_WHAT TO PRODUCE_
Every line of the listing below from the one with "This paper introduces" up to and including the one with "路透社 / 達志影像上圖為本月" should be retyped exactly, and nothing else; pictures are not part of the copy.

_MATERIAL PROVIDED_
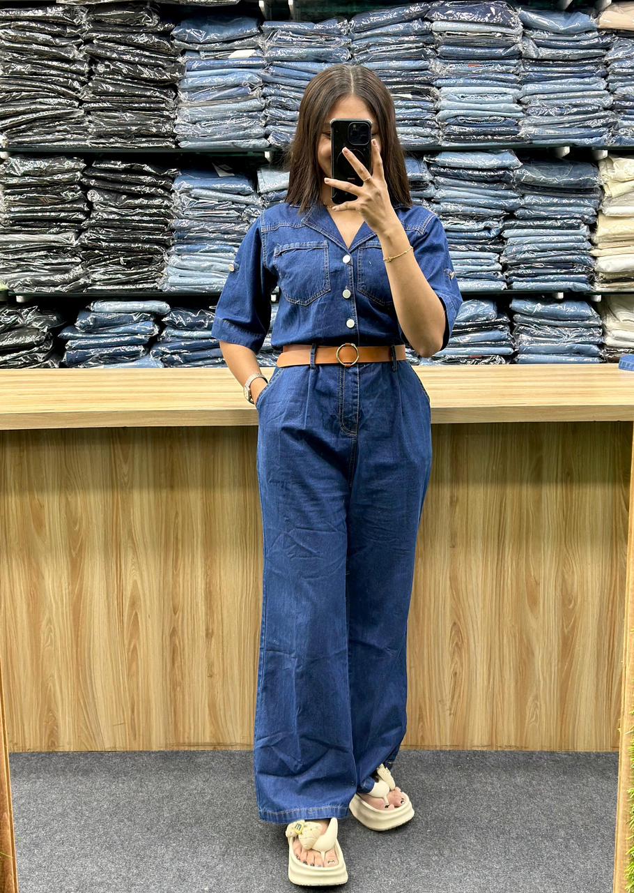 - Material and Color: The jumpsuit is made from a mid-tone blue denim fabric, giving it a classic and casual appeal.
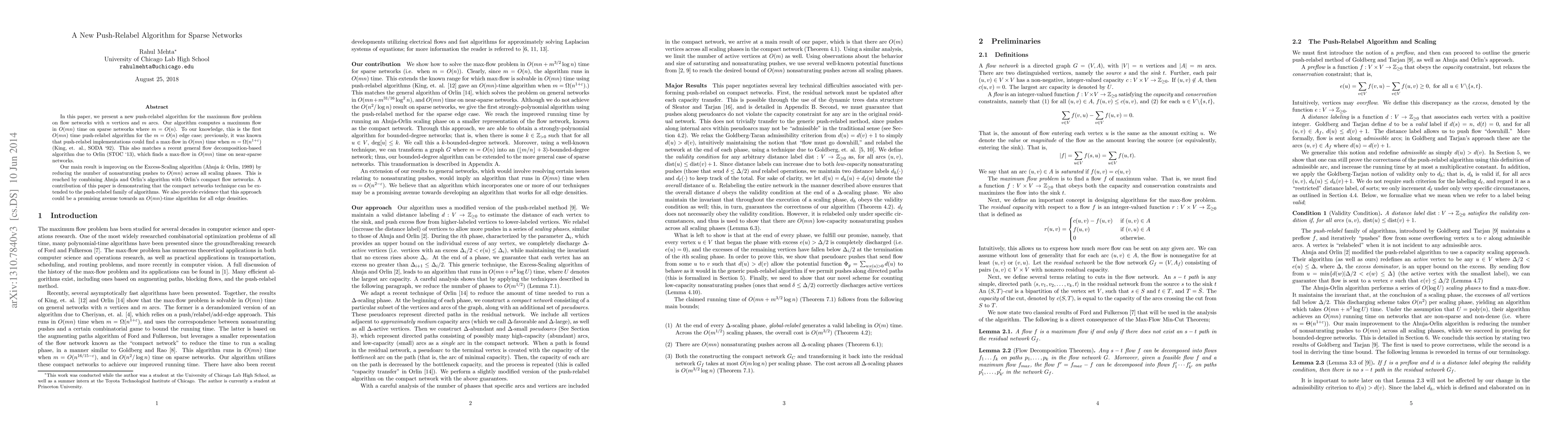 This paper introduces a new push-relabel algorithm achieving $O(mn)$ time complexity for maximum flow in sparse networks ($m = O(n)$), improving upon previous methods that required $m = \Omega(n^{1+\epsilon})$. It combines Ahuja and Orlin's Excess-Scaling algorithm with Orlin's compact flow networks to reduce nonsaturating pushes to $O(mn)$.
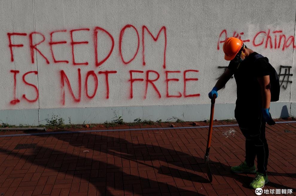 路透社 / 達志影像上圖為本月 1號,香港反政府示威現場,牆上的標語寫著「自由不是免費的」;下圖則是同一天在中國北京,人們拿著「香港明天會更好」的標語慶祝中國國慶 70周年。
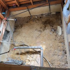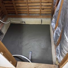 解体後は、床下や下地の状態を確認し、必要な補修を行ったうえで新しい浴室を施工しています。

_EXERCISE RESULT_
 This paper introduces a new push-relabel algorithm achieving $O(mn)$ time complexity for maximum flow in sparse networks ($m = O(n)$), improving upon previous methods that required $m = \Omega(n^{1+\epsilon})$. It combines Ahuja and Orlin's Excess-Scaling algorithm with Orlin's compact flow networks to reduce nonsaturating pushes to $O(mn)$.
 路透社 / 達志影像上圖為本月 1號,香港反政府示威現場,牆上的標語寫著「自由不是免費的」;下圖則是同一天在中國北京,人們拿著「香港明天會更好」的標語慶祝中國國慶 70周年。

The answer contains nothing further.